Comparing single resurveys to historical data may be confounded by seasonal variation in elevational distributions (5). However, modern elevational limits were not systematically biased upslope or downslope between dry and wet seasons on Mt. Karimui, suggesting the upslope shifts we report are robust to seasonal variation in elevational limits. A second problem affecting resurveys is accounting for differences in survey methodology (28). Comparison of modern and historical (19, 20) databases and methods (Methods) suggests that our methodologies and survey efforts for both Mt. Karimui and Karkar Island were similar, and our data support this contention. In particular, if modern and historical surveys differed in observer ability or effort, the survey with the greater effort should tend to yield broader elevational ranges merely owing to increased sample sizes. Instead, we found that species generally shifted upslope at both upper and lower range limits, as predicted for responses to warming temperatures. Lastly, readily-detected species did not demonstrate stronger upslope shifts: the magnitude of estimated distributional shifts was unrelated to relative detectability at both upper (F1,136 = 2.40, P = 0.12, adjusted r2 = 0.010) and lower limits (F1,52 = 1.70, P = 0.20, adjusted r2 = 0.013) (Methods).
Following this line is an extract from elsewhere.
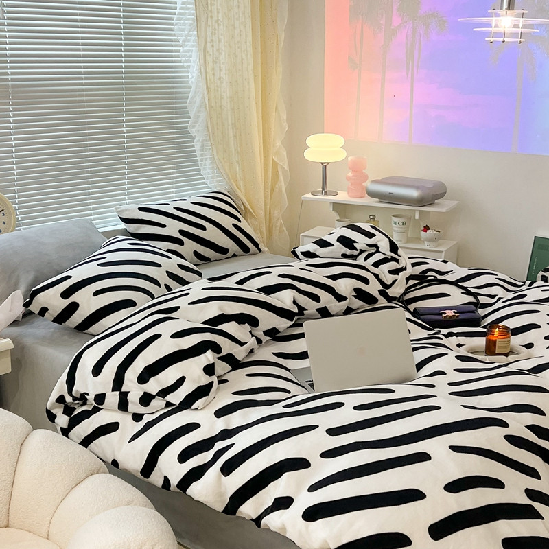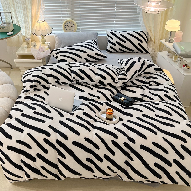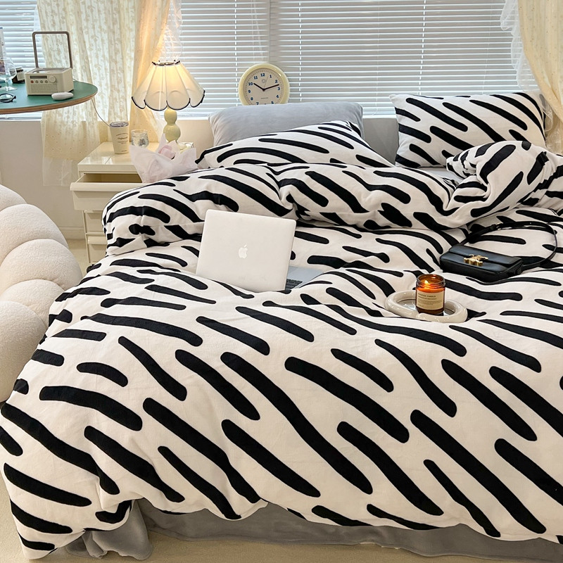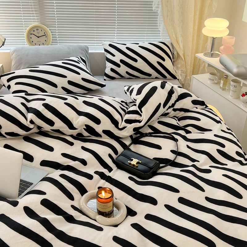 商品名称:昔可 2022新款牛奶绒简约系列四件套 斑马条纹

Substantial variation existed among species in observed upslope shifts (Fig. 2), typical for such resurveys (1, 22). This variation may arise from idiosyncratic, species-specific responses to either temperature itself or altered resource availability, habitat structure, competitive dynamics, disease prevalence, and/or predation associated with increased temperature at given elevations. Ecological traits associated with dietary breadth have been hypothesized to explain variation in species’ responses (5, 22). We found no correlation between diet and range shifts on Mt. Karimui. However, upslope shifts were largest in omnivores and frugivores in the depauperate avifauna of Karkar Island, providing weak support for the hypothesis that dietary breadth (omnivores) and patchiness of resource supply (frugivores) may predispose species to stronger distributional responses to increases in mean annual temperature. We conclude that the mechanisms driving upslope shifts in New Guinean birds remain largely uncertain and merit further experimental investigation.
New Guinean birds have responded to a half-century of warming temperatures by rapidly shifting their distributions upslope. Temperatures in New Guinea are predicted to increase 2.5 °C by 2100 (24). Extrapolating from documented shifts suggests New Guinean birds will respond to rising temperatures by shifting as much as 500 m further upslope by 2100. These shifts are likely to cause at least four local mountaintop extinctions on Mt. Karimui and two on Karkar Island. For example, the lower elevational limit of the montane White-winged Robin (Penoethello sigillatus) on Mt. Karimui has moved upslope over 100 m since 1965. This species is now found only above 2,330 m on the steep slopes near Mt. Karimui’s summit (at 2,520 m), whereas Mountain Gerygone (Gerygone cinerea), Crested Satinbird (Cnemophilus macgregorii), and Crested Berrypecker (Paramythia montium) are currently restricted to the immediate vicinity of Mt. Karimui’s summit. A further ∼1-°C temperature increase would likely lead to the extirpation of all four species on Mt. Karimui, although populations will persist on taller mountains elsewhere in New Guinea.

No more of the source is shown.